- **AVAILABLE DATA**

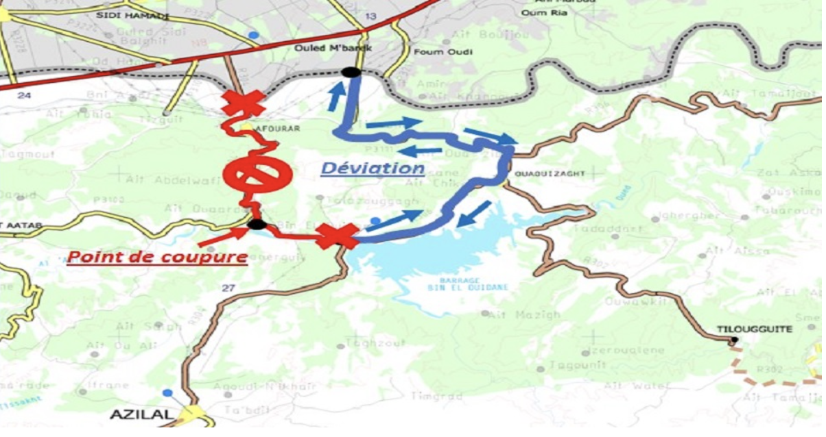 Déviation localisée de la circulation routière sur la route nationale n°25 section reliant Bin El Ouidane à Afourer - Commune Ait Ouaerda
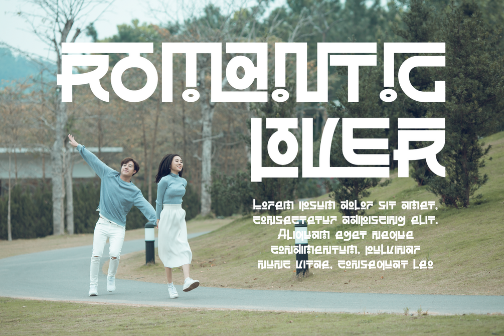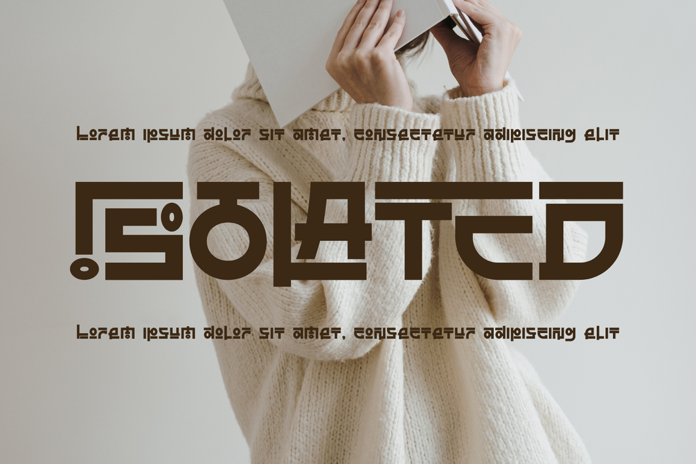 RADICAL EMPATHY FONT – Bold Futuristic Geometric Display Font, a bold futuristic geometric display font inspired by modern architecture, sci-fi aesthetics, and Asian industrial typography. The font features strong blocky letterforms, sharp angles, squared terminals, and distinctive cut-out details that create a powerful, mechanical, and highly structured appearance. Its solid construction and modular design deliver excellent visual impact, making the font stand out instantly in headlines and large-scale compositions. RADICAL EMPATHY is designed for high readability while maintaining a striking futuristic character, perfect for posters, branding, technology projects, game titles, logos, packaging, apparel, and modern editorial designs.
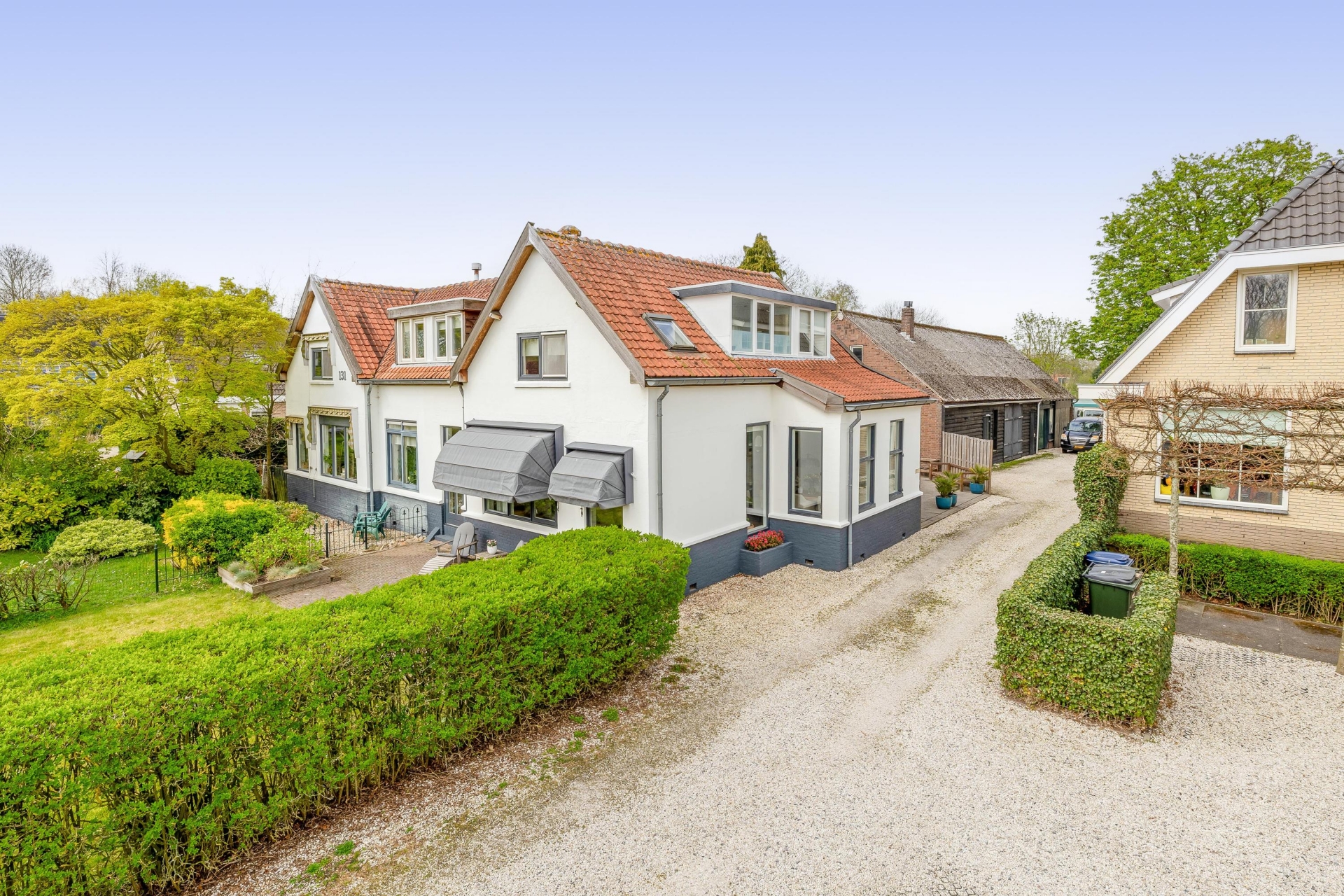 - Ruime oprit met parkeergelegenheid op eigen terrein en via een gezamenlijke oprit bereikbaar;
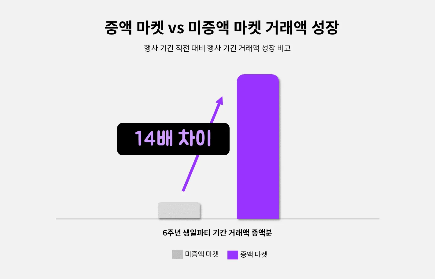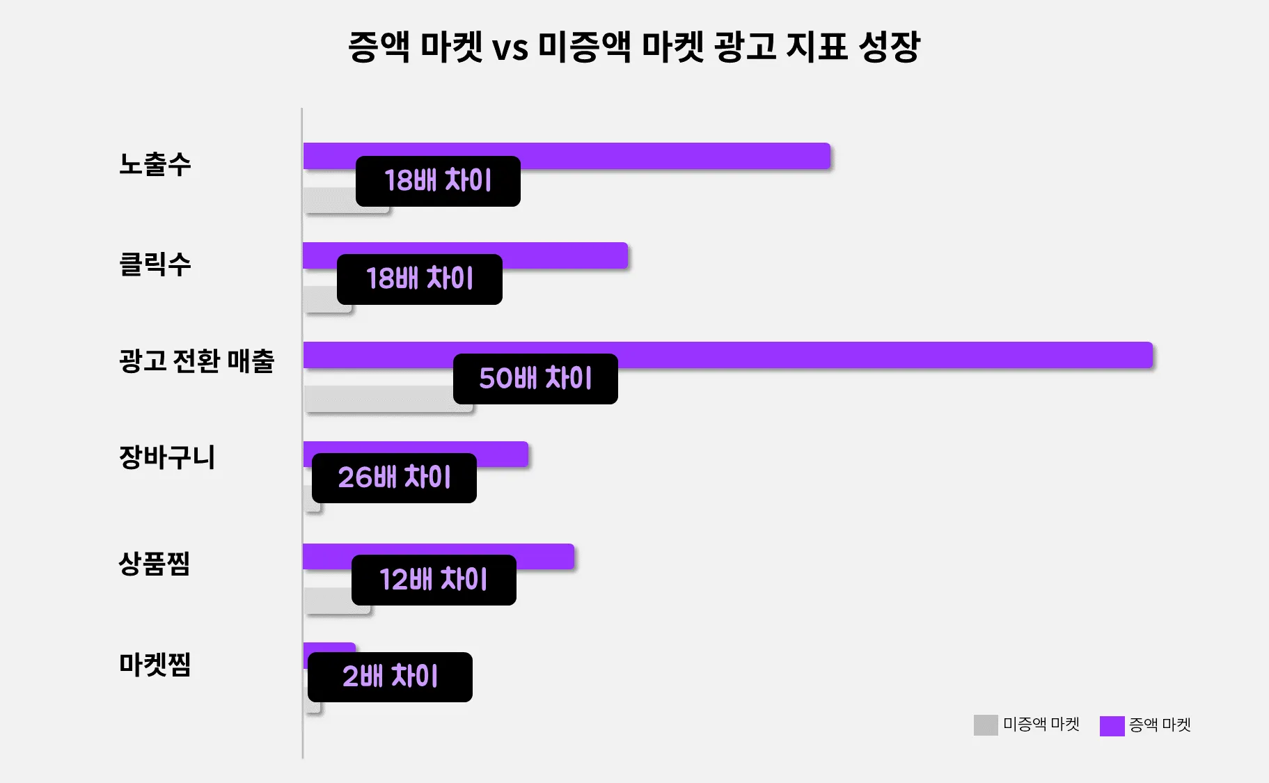 프로모션 기간 동안 광고비를 증액한 마켓은 그렇지 않은 마켓에 비해 훨씬 큰 거래액 성장을 보였는데요!

- **HOW TO COMPLETE THIS TASK**
Skip the pictures and copy exactly the lines from the one containing "RADICAL EMPATHY FONT" through the end of the material, both ends included.

- **WRITTEN ANSWER**
 RADICAL EMPATHY FONT – Bold Futuristic Geometric Display Font, a bold futuristic geometric display font inspired by modern architecture, sci-fi aesthetics, and Asian industrial typography. The font features strong blocky letterforms, sharp angles, squared terminals, and distinctive cut-out details that create a powerful, mechanical, and highly structured appearance. Its solid construction and modular design deliver excellent visual impact, making the font stand out instantly in headlines and large-scale compositions. RADICAL EMPATHY is designed for high readability while maintaining a striking futuristic character, perfect for posters, branding, technology projects, game titles, logos, packaging, apparel, and modern editorial designs.
 - Ruime oprit met parkeergelegenheid op eigen terrein en via een gezamenlijke oprit bereikbaar;
 프로모션 기간 동안 광고비를 증액한 마켓은 그렇지 않은 마켓에 비해 훨씬 큰 거래액 성장을 보였는데요!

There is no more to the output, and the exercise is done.